Apresenta a lista de queixas sobre a casa com o mesmo à-vontade com que diz bem
da vizinhança: “Aqui está sempre tudo em família.”
É uma frase
recorrente por estas bandas. Maria José Marques, actualmente a moradora mais
antiga, a quem os outros alcunharam “a chaveira do céu”, entrega-se à
nostalgia. “A fogueira era aqui sempre neste sítio. Uma vez a minha mãe saltou
a fogueira e partiu a cabeça”, recorda. O bom relacionamento com (quase) todos
os companheiros de pátio não a faz esquecer agruras passadas e penas presentes.
“A casa estava toda a cair. O meu pai que Deus tem saía do trabalho e vinha
para aqui fazer obras. A gente sempre desejou ter uma casinha melhor. Tenho
pena de sair, mas vou para o pé do meu filho, para o pé dos meus netos.”
Ana Paula, pelo
contrário, está mais relutante. A 27 de Março cumpriram-se 30 anos desde que se
mudou para o pátio com o marido, Isidro, e aqui nasceram os seus três filhos.
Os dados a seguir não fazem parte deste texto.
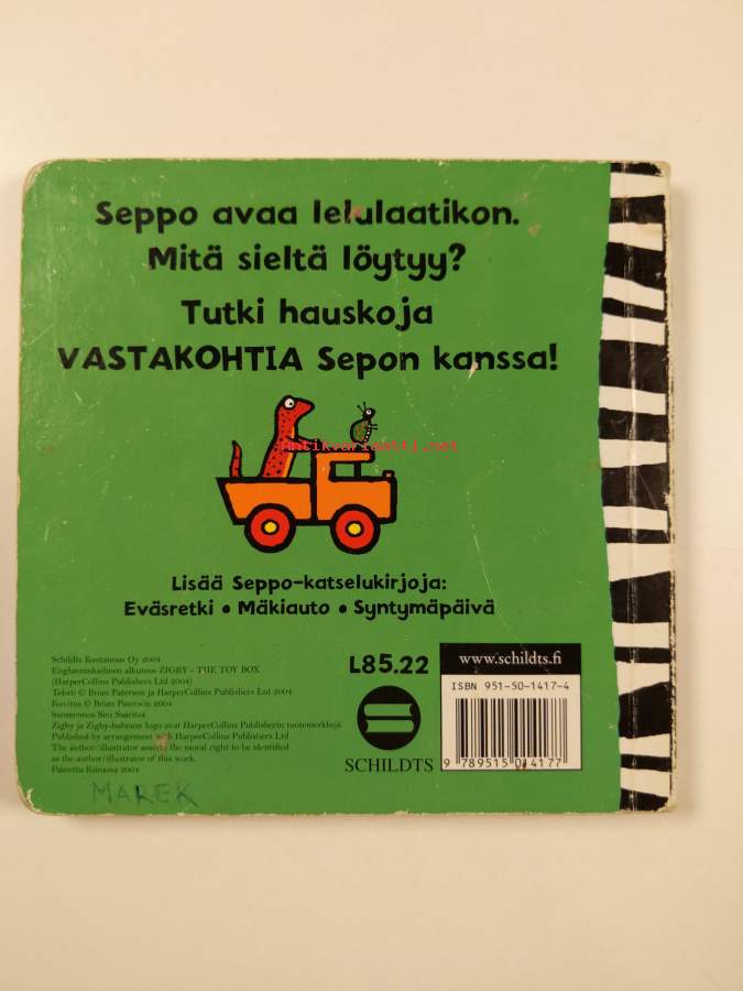 Muu(t) tekijä(t): Sini SaaritsaAlkuteos: Zigby : the toy boxAsiasanat: lastenkirjallisuus, leikkikalut, seeprat, vastakohdat, paksulehtiset kirjat, katselukirjat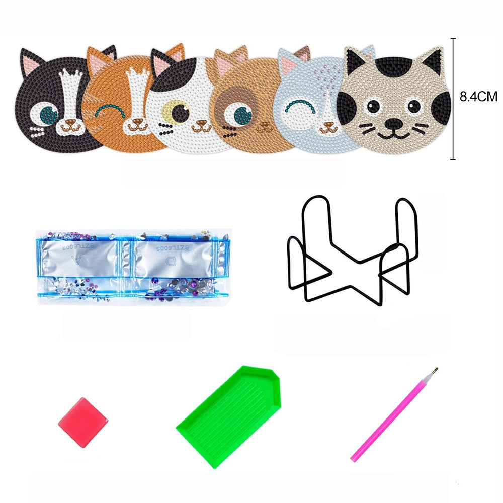Lovely Cats Diamond Painting Coasters 6Pcs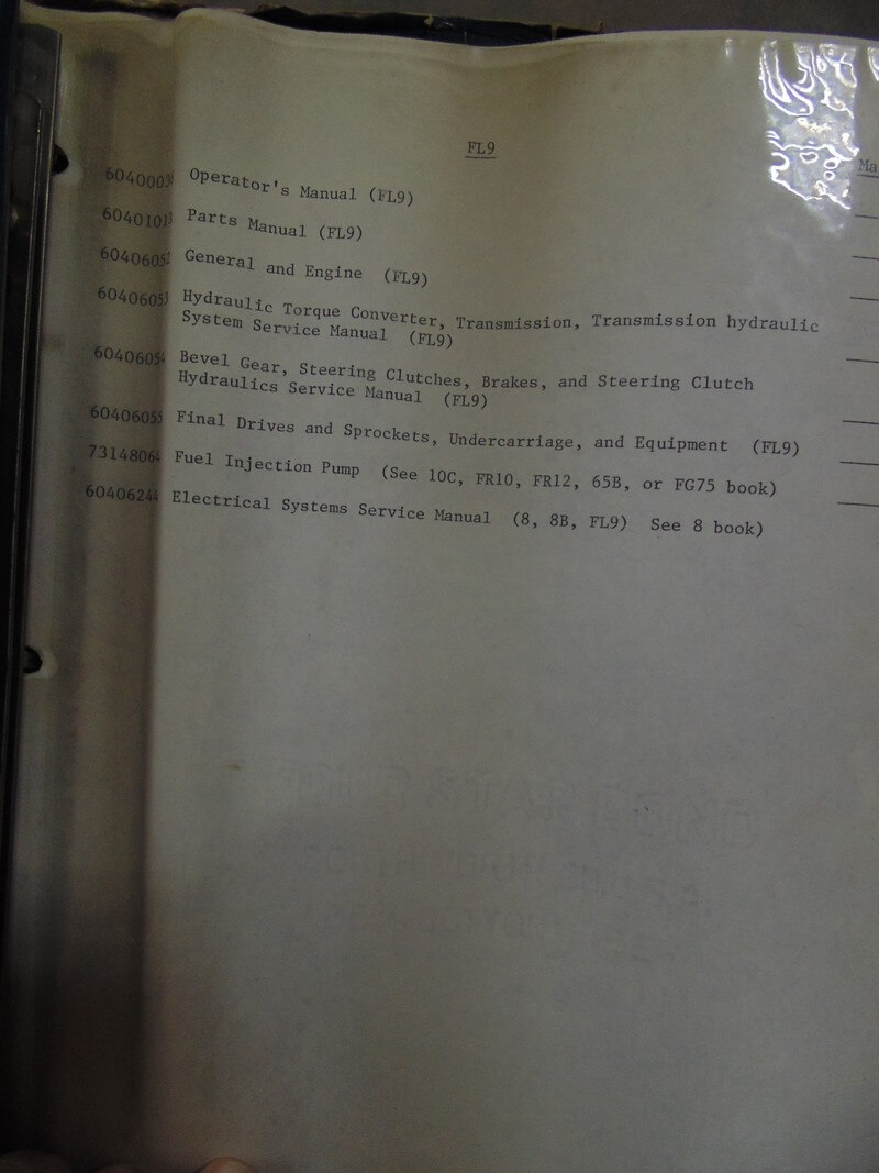 Fiat Allis FL9 Crawler Dozer Service Manual

“Uma pessoa está aqui muito habituada a ter as portas abertas”, diz. “Nós
basicamente dividimos as coisas, é como uma família. No Verão montamos uma
piscina, um fogareiro, vivemos cá fora. Agora isso vai-se acabar tudo, não
vamos ficar uns ao pé dos outros. Se quer que lhe diga, é muito complicado sair
daqui.”
A ouvi-la está
Paula Marques, a vereadora da Habitação. “O nosso compromisso é de que as
pessoas podem voltar. O projecto em que estamos a trabalhar é o de manter a
tipologia de pátio”, diz-lhe. Resposta pronta de Ana Paula: “Quero! Sim, sim,
sem sombra de dúvidas. Campolide é Campolide.”
Quando aqui
chegou, uma semana depois da vizinha Domingas, Ana Paula fez como toda a gente:
foi pedir ao senhorio uma habitação. “Ah queres casa? Aquela está ocupada? Não?
Então pronto, é tua. São 150 escudos de renda. Obras é que cá não há!”
A promessa
cumpriu-se. Benfeitorias e ampliações têm sido responsabilidade dos inquilinos.
É por isso que André Marques, filho de Domingas, está ansioso por ver o pátio
pelas costas. Não romantiza os 27 anos que ali viveu. Quando era adolescente
tinha vergonha de levar os amigos a sua casa. Hoje, se quiser lá levar uma
namorada, toda a vizinhança fica a saber. “Para mim é um alívio, um grande
alívio. A casa tem muita humidade, a minha mãe tem de a pintar de ano a ano.”
Nuno Trindade,
que em miúdo não morava longe e vinha jogar à bola com as crianças do pátio,
não disfarça a indignação com as condições em que sempre viveu e queixa-se de
ninguém lhes ter dado atenção. André Couto, o presidente da junta, e uma eleita
do BE na assembleia de freguesia, Carmo Bica, são os nomes que surgem na
conversa como exemplo dos que se interessaram.
“Gosto e sempre
gostei de morar aqui. Eu vou sentir saudades disto, isso vou”, diz Nuno. “Foi
onde eu ri, onde eu chorei”, começa, e percebe-se que a mente divaga para as
recordações. Enquanto isso, Ana Paula revela o sonho de voltar a entrar na
marcha de Campolide, como na sua juventude, desta vez com um filho ao lado.
Cada um cogita consigo mesmo. A porta do pátio fecha-se com o cair da noite.